Ayer, sentado a la orilla de Dove River, mientras el bosque se iba cubriendo de sombras, esperando que apareciera Baarlijan el ornitorrinco en un remanso limoso del río atravesado por un tronco podrido, pensaba en aquel niño tímido y solitario que, los viernes por la tarde, al volver del colegio, solía construir con viejas esterillas de playa una cabaña debajo de la mesa del escritorio, y esconderse en ella para jugar con dinosaurios de goma que montaban en moto, se transformaban en súper-héroes y vivían mil aventuras improbables en países lejanos y fantásticos.
Ahora, aquel niño, estaba igualmente solo, sentado a la orilla de un río en las montañas de Tasmania (aquella Tasmania que había soñado explorar en busca del último lobo marsupial) esperando que apareciera Baarlijan el ornitorrinco, mientras el bosque entero se iba cubriendo de sombras.
De vez en cuando, estallaba el grito de un wattlebird y, en la penumbra de las copas de los árboles, los melancólicos trompeteos de los currawong sonaban igual que los primeros acordes de La Puesta del Sol, en La Suite del Gran Cañón, de Grofe.
Que gran concierto hubiera podido dirigir Grofe con una bandada de currawongs, algunos wattlebirds, un par o tres de crescent honeyeaters y, tal vez, una pareja de kookaburras. Con el aullido del lobo marsupial como acompañamiento y el canto de las ranas de música de fondo.
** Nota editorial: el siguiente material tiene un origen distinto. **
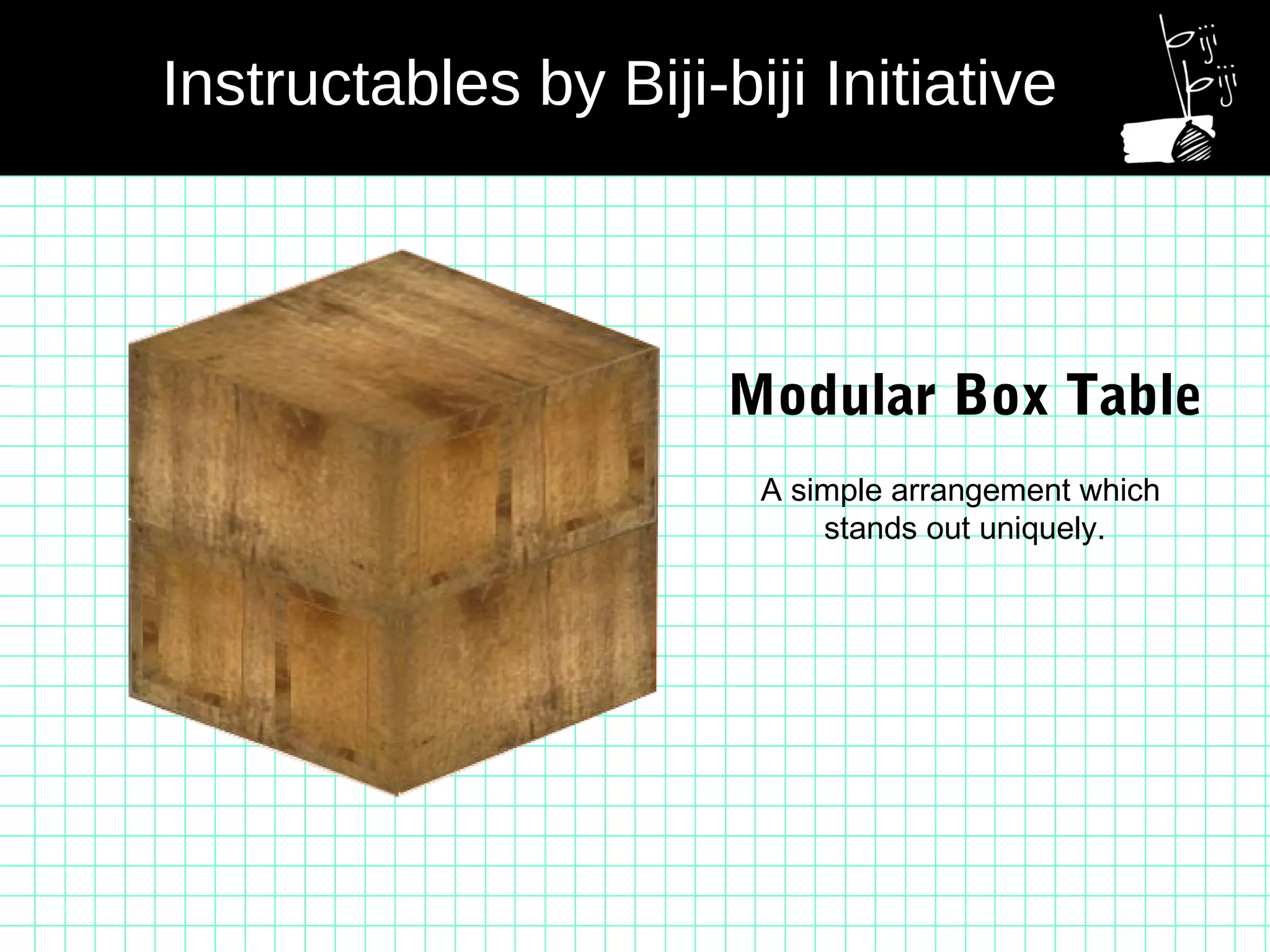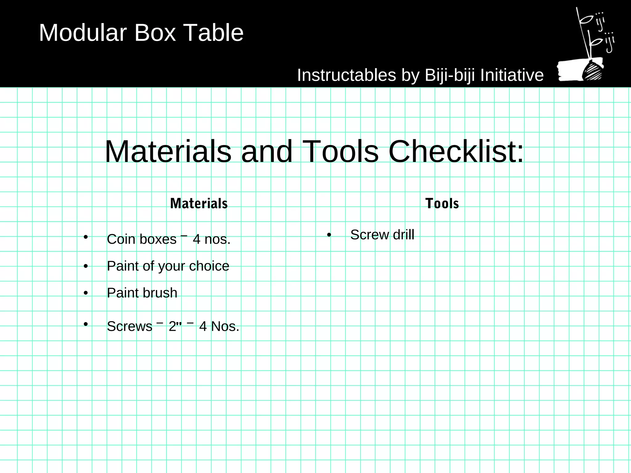 The document provides a step-by-step guide for creating a modular box table using four coin boxes and basic materials. It outlines the assembly process, which involves screwing the boxes together and painting them for a finished look. The result is a unique and visually appealing table.

Y aquel niño, estaba allí.
Solo, pero sin sensación de soledad.
A gusto.
Feliz.
Preguntándose porque tenía esa capacidad para sentirse tan cómodo y protegido en la noche de aquel bosque en el otro extremo del mundo, como debajo de su escritorio jugando con dinosaurios de goma, que montaban en moto y viajaban en avión.